# My Very First Pfs (x 2)



## GrayWolf (May 14, 2012)

Last week I got my very first (and second) PFS. It was a result of a trade with Sean. He was looking for a Saunders, and I had a couple that didn't see much range time. He was kind enough to make and send me these 2 beautiful PFS, a very powerful tube set, and some really nice leather to make some pouches.

























I had some time so I banded them up...one with Tex's light tubes and Ray's 3/4" pouch, and one with 5/8" latex and rays 5/8" pouch. I think that sets me up for just about anything I want to shoot







.

The frames are identical in size, which is just a little bigger than I had expected, but fit the hand very well. They are 1/2" thick, so I could band them up with something heavier and head to the woods, but that will have to wait till I can hit something besides the back of the catchbox or the ground (DGUI and Capnjoe sure make it look easy...but trust me..they have mad skills). At least I will have a great time while honing my aim.

The frames were stained, one brown, and one a cool redish tint and finished in what looks to be a poly finish. Sean also put in burned in his signature logo. These are very well made and I am extremely happy with them.
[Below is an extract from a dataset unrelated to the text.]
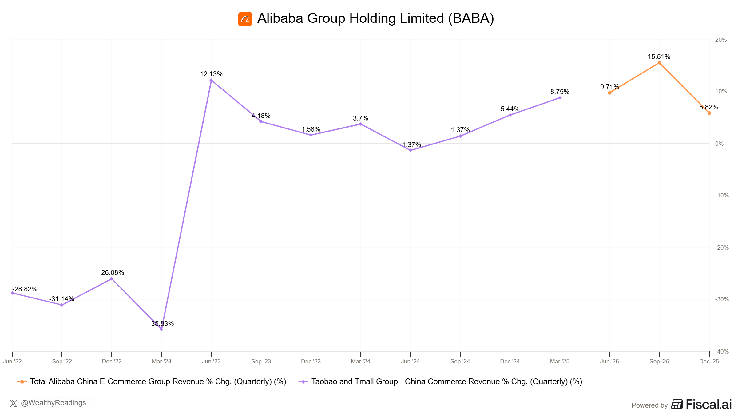 I believe the market is fine with their cloud situation and even this accountability trick. We’ve seen it in the west: you need to spend to grow and Alibaba has a large opportunity ahead plus very stable finances which allow spending. The issue is about spending on an e-commerce platform without much ROI as their quick commerce, which “only” is growing 20%+ is not generating much cash…

Thanks for the great trade Sean...enjoy the Saunders.

Todd


----------



## Jakerock (Mar 8, 2012)

Nice. I like Sean's finishes and the logo!
Have fun with that humdinger.


----------



## LVO (Sep 25, 2011)

Those are very cool! Love the logo, too. I have been watching Dgui's videos more and more. You have been a trading machine!! 
Awesome stuff!


----------



## Sean (Nov 17, 2011)

Glad you like them Todd. Thanks again for the trade. Hope you
enjoy them. Right now the pfs and the fts are my daily shooters.


----------